The basic line of interrogation was that if the Proteas had chosen to blast India out with that many fast bowlers, why not take the opportunity to do so when the wicket was fresh?
The other side of that equation was that, if you’ve decided to only go with six batsmen, why expose them to one of the grassiest wickets at Newlands?
Also, with the talk in the build-up to the game all about how lively the track was likely to be, wasn’t going with four fast bowlers overkill?
Of course, the obvious response to that is that the Proteas were particularly keen to find a place for returning paceman Steyn, but weren’t sure about his durability after a lengthy spell on the sidelines with a fractured shoulder.

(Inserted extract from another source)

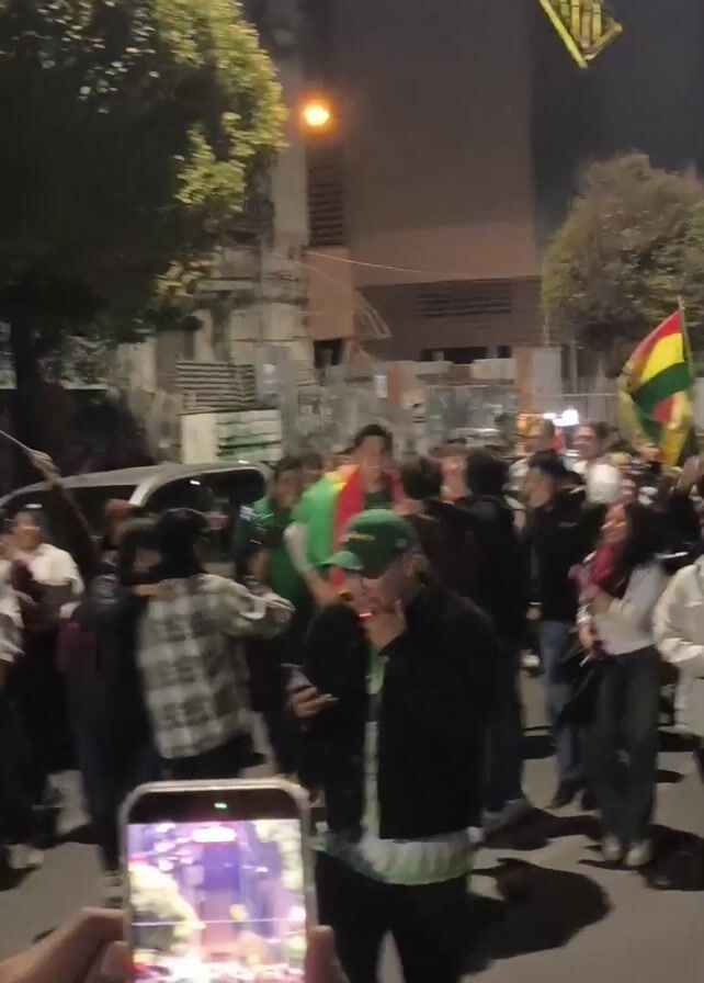 At night, a large crowd celebrates on a city street, waving Bolivian flags. Most people are in their teens or twenties. A few people are filming the event with their phones. The camera filming the video is doing the same. One man wears a Bolivian flag like a cape. Some people wear green shirts. A building in the background has a large lit logo. Trees line the street.

This necessitated the axing of batsman Temba Bavuma from the line-up, and the transformation lobby weren’t amused at what looked like preferential treatment for South Africa’s premier fast bowler of the last decade, who is five wickets from becoming the country’s highest wicket taker.
Among all those recriminations and counter-recriminations, there are a few observations one might take away from the Proteas going into the Test with a six-five split of batsmen and bowlers.
The first is that it looks as though under new coach Ottis Gibson, the Proteas may want to go the aggressive route of demanding that the six batsmen get them their runs before blasting them out with an attack loaded to the gills with quicks and the underrated spinner Keshav Maharaj.
The second is that, as a former fast bowling coach, Gibson (possibly with Du Plessis in his ear) was always going to want to see Steyn, one of the best fast bowlers of his generation, do his stuff before the light in those infamous crazy eyes dies down.
Make no mistake, Steyn had nothing but his 417 Test wickets in his favour going into that selection meeting because form and games played were certainly not on his side.
Some may call it preferential treatment, but coaches and their captains are allowed a discretionary pick.
Looking for signs
With regards to Bavuma’s axing, it was a tough call on a man whose temperament is perfectly suited to handling the Proteas’ struggles on Friday.
But Bavuma, a better shot maker than the nudger who’s carved a niche as a rearguard specialist since joining the Proteas, knows he needs to kick on by addressing his reputation as a blocker and his failure to convert starts into big centuries.
There was a suggestion to keep him in the squad as the team’s fielding talisman like Jonty Rhodes used to, but aside from former Cobras player Sybrand Engelbrecht, nobody’s made a cricket team on the basis of their fielding.
And for those of us obsessed with looking for signs, the team picked for Gibson’s first serious Test in charge hints at a coach willing to withstand the backlash of running foul of transformation targets if they interfere with how he wants to play the game.